The space of Heegaard Splittings

TL;DR

This paper investigates the topological structure of the space of Heegaard splittings in 3-manifolds, revealing its relation to the Goeritz group and showing contractibility under certain conditions, with detailed results for low-genus cases.

Contribution

It provides a detailed description of the space of Heegaard splittings in terms of the diffeomorphism group and Goeritz group, including new results on its homotopy type and contractibility.

Findings

For hyperbolic manifolds, each path component is a classifying space for the Goeritz group.

When the Hempel distance exceeds 3, each path component of the splitting space is contractible.

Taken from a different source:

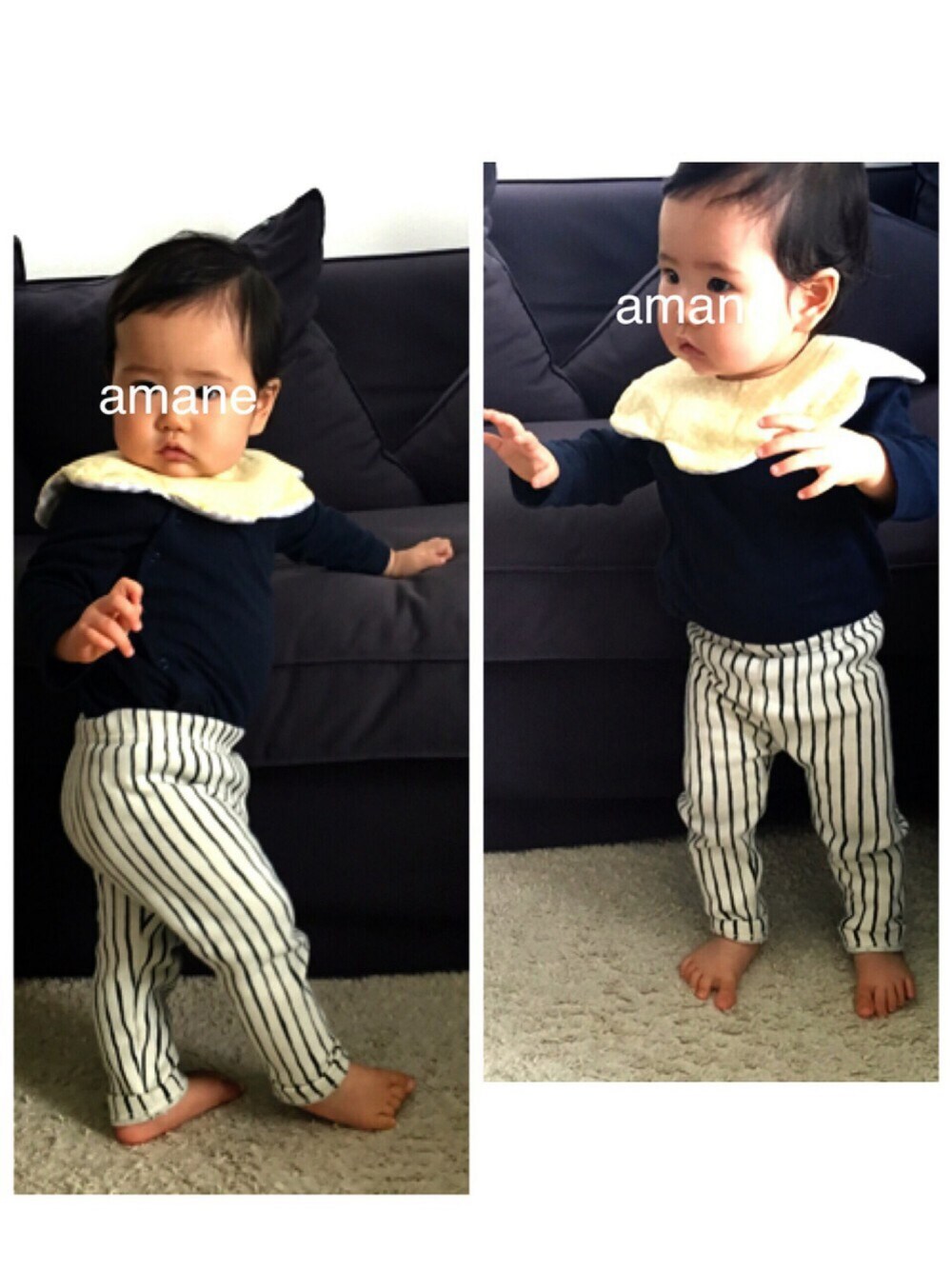 きょうはパパチョイスのお洋服です☺︎ ストライプのパンツで脚長効果(❛ᴗ❛ )✧

Complete homotopy types are determined for genus 0 or 1 splittings, modulo the Smale Conjecture.

Abstract

For a Heegaard surface F in a closed orientable 3-manifold M, H(M,F) = Diff(M)/Diff(M,F) is the space of Heegaard surfaces equivalent to the Heegaard splitting (M,F). Its path components are the isotopy classes of Heegaard splittings equivalent to (M,F). We describe H(M,F) in terms of Diff(M) and the Goeritz group of (M,F). In particular, for hyperbolic M each path component is a classifying space for the Goeritz group, and when the (Hempel) distance of (M,F) is greater than 3, each path component of H(M,F) is contractible. For splittings of genus 0 or 1, we determine the complete homotopy type (modulo the Smale Conjecture for M in the cases when it is not known).